In a recent article, I talked about how to decide whether to use a professional planner to help create your wedding dreams. It seemed only fair that I also talk about how to decide whether to create most of your wedding from scratch or not.
I’m going to come right out and say that I was a total DIY diva for my wedding. I love to make things by hand, and I hate to spend money on paying someone to do something I’m more than capable of doing for myself. Further, I felt that putting my handwork into the day was part of putting my heart into the event. On top of all that, we had pretty much two shiny nickles to spend on making a day that our friends and families would remember fondly. We just plain didn’t have the bucks to spend on a lot of pros…but even if the budget had been more flexible, I think I would have done the DIY thing pretty much to the level I did. See above in re: putting my heart into the day.
I’ve known brides who have made their own gowns, grown the flowers, deisgned and printed invitations, baked their own cakes, made the wedding feasts in their own kitchens, designed and made all the decorations…I think about the only thing I haven’t seen yet is a bride who cobbled her own wedding shoes. I’m equally sure that somewhere out there is a lady who has done just that.

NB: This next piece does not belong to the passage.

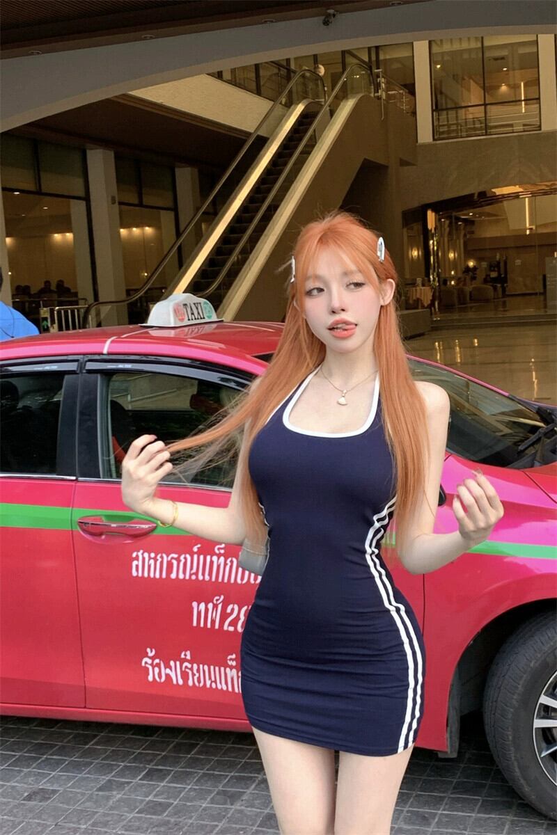 アメリカンスタイルのセクシーな風ぶら下げネックドレス女性の夏 2023 新色コントラストストライプ風露バックパックヒップスカート サマー 夏物 リュック 0921961047780202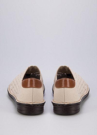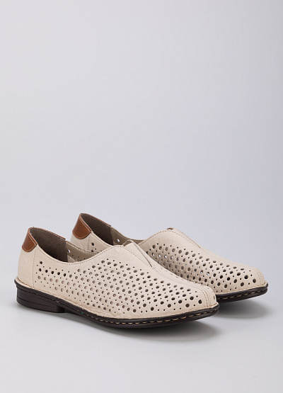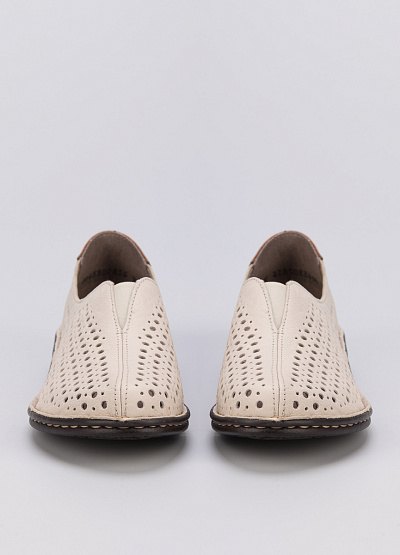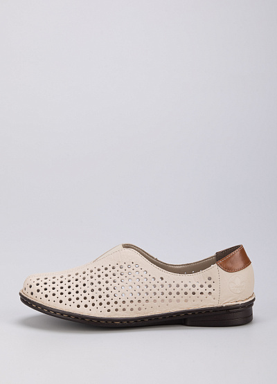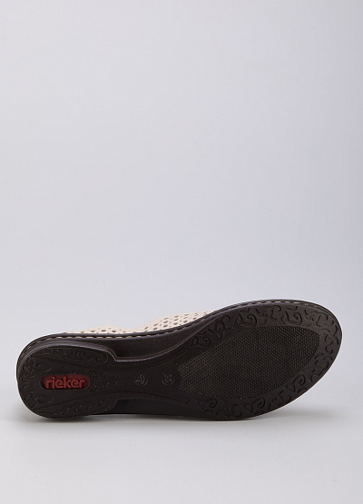 • Балетки из натуральной кожи и экокожи от бренда Rieker. Закругленный носок. Сквозная перфорация. Эластичная вставка по центру. Плоская подошва на низком каблуке.

Still, it’s not for everyone. And that’s why you should ask yourself the following questions when deciding whether or not to DIY and to what extent:
How crafty am I? If the last thing you tried making by hand was that macaroni picture in the third grade, you might not want to begin with your wedding. If, on the other hand, you do lacemaking demonstrations publicly as I was doing at the time I started my wedding plans, chances are you’d be able to do plenty of things yourself. Be honest with yourself about your level of skill, confidence, and ability to learn new things quickly.
How elaborate do I want things at my wedding? If you want simple sheaf or nosegay bouquets, nearly anyone with two working hands can put that together. That makes a great DIY project that will save hugely on a florist. If, on the other hand, you want an elaborate cascade and have never tried tying any sort of bouquet, do not try it at home. Bring in the pro and pay a fair price. If you want a very simple gown and are a reasonably accomplished home sewer, chances are you can produce that on your own. But unless you’re good enough to go pro yourself, don’t try to reproduce that strapless, bustled ballgown of a confection you saw in some fantasy photo shoot.
How much time do I have to do this in? If you’re getting married in three weeks, don’t try to grow your own roses now. You just won’t be able to do it. Some things can be done quickly and easily at any time, but others require a lot more hours to accomplish. Be practical about it.
How important is it to me to do this myself? In many ways, this is the one that trumps everything in my book. If it’s really important, then it’s worth reconsidering time frames and learning new skills. For instance, it was really important to me to make my own lace for my wedding gown. It’s a skill that defines me in some ways, and something that made the day more personally fulfilling. It’s also something that takes a long time to do. In fact, it took a year. For another couple of my acquaintance who are both avid gardeners, the most important thing to them was to have flowers from their own garden used. Again, that took a long time and careful planning. Again, they both felt it was well worth the time and effort because it added something so personal to the day.
Is this really a practical thing for me to do myself? In other words, some projects can be done ahead of time and are perfectly reasonable. Others can’t be done until the very last minute and may be more stressful than anticipated. Do you really want to wake up on your wedding day and start stuffing mushrooms for the reception? If you choose to do something like catering by yourself, think carefully about creating a menu that can be prepared in advance and only needs reheating/setting out. Then appoint a crew to help with that. And please don’t try to take your formal portraits by yourself, not even if you have a camera with a timer and a tripod. That just plain isn’t going to work.
Will this save a significant amount of money or add something special to my day? If the answer to both of these questions is no, then why put yourself to the trouble? For instance, I went with a commercially available invitation. I had no computer or hand printing skills, Mr. Twistie didn’t have the time to put into it, as long as the invitiations were reasonably pretty and got the information across I wasn’t actually that worried about their specific design, and then I found some really pretty, really inexpensive invitations at my local stationers. In fact, the deal was so good it would have cost me more to make the invitations. At that point, I decided that invitations were something to buy rather than make. I’ve never regretted that decision one bit.
Will doing this myself stress me out, calm me down, or otherwise strongly influence my mood at my wedding? This goes right up there with personal significance as a decision maker in my book. As I noted in the wedding planner article, some of us are calmer if someone else takes care of all the details for us. Some of us are only content when we are handling things ourselves. Most of us fall somewhere in between. Think about how you want to approach your big day for maximum comfort to you.
Doing projects for your wedding can bring a great sense of personal accomplishment while adding a clear indication of who you are to your wedding…but as I said, it’s not for everyone. Think it over, then do what works best for you.